▶ [WHAT IS REQUIRED]: Would you give the listing again exactly, without its images?

▶ [THE DATA]:
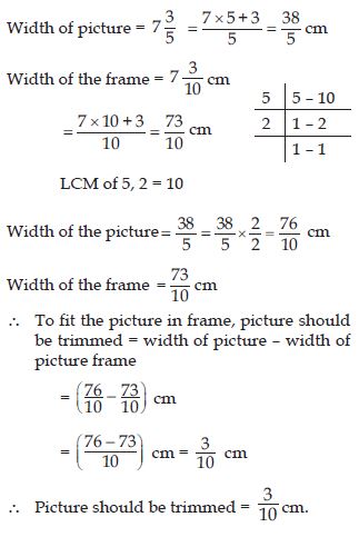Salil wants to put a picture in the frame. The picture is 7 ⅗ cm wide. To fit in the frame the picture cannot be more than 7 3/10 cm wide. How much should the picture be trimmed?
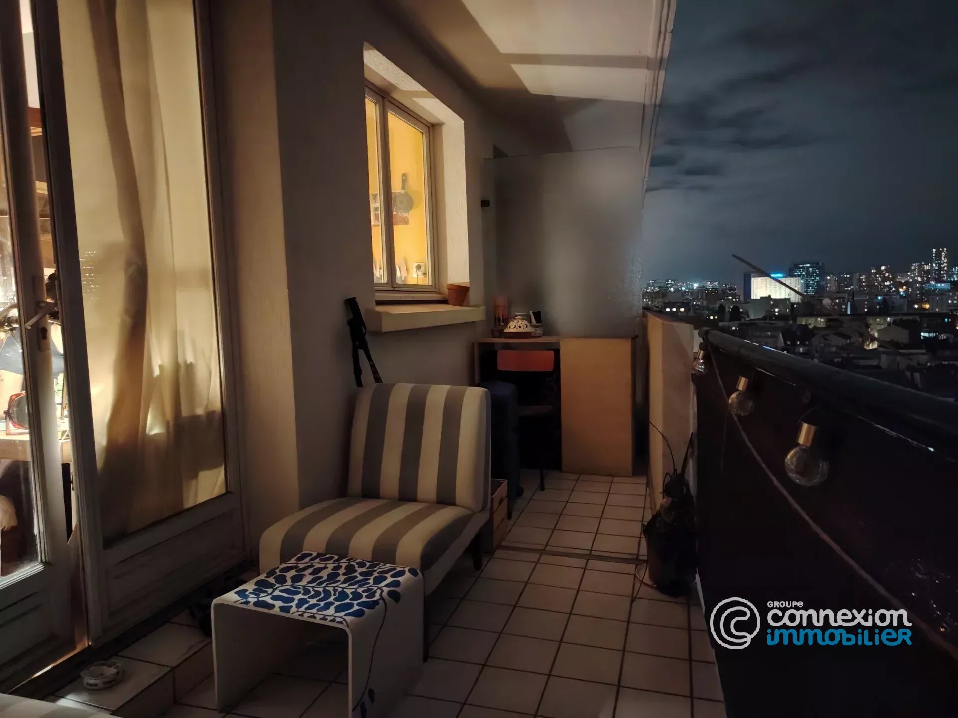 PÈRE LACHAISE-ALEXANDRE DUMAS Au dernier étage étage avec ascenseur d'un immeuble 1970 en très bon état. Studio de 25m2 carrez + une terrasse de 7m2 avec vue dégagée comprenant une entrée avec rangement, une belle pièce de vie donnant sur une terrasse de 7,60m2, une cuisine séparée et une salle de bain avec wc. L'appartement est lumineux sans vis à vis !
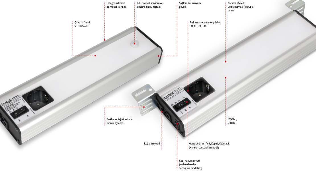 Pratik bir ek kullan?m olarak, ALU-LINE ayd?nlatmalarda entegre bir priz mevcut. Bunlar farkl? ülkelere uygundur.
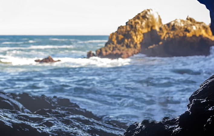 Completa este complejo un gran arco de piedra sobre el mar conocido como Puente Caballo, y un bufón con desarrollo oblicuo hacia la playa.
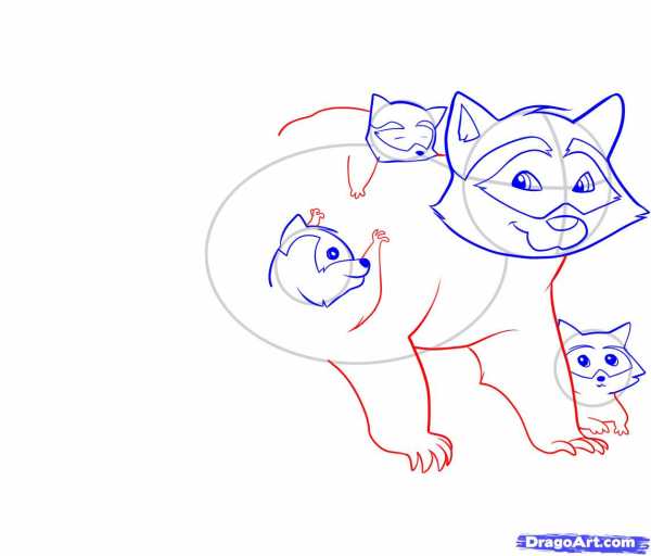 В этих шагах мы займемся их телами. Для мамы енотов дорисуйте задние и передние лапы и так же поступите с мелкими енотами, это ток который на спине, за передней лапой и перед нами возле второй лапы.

▶ [WRITTEN REPLY]:
Salil wants to put a picture in the frame. The picture is 7 ⅗ cm wide. To fit in the frame the picture cannot be more than 7 3/10 cm wide. How much should the picture be trimmed?
 PÈRE LACHAISE-ALEXANDRE DUMAS Au dernier étage étage avec ascenseur d'un immeuble 1970 en très bon état. Studio de 25m2 carrez + une terrasse de 7m2 avec vue dégagée comprenant une entrée avec rangement, une belle pièce de vie donnant sur une terrasse de 7,60m2, une cuisine séparée et une salle de bain avec wc. L'appartement est lumineux sans vis à vis !
 Pratik bir ek kullan?m olarak, ALU-LINE ayd?nlatmalarda entegre bir priz mevcut. Bunlar farkl? ülkelere uygundur.
 Completa este complejo un gran arco de piedra sobre el mar conocido como Puente Caballo, y un bufón con desarrollo oblicuo hacia la playa.
 В этих шагах мы займемся их телами. Для мамы енотов дорисуйте задние и передние лапы и так же поступите с мелкими енотами, это ток который на спине, за передней лапой и перед нами возле второй лапы.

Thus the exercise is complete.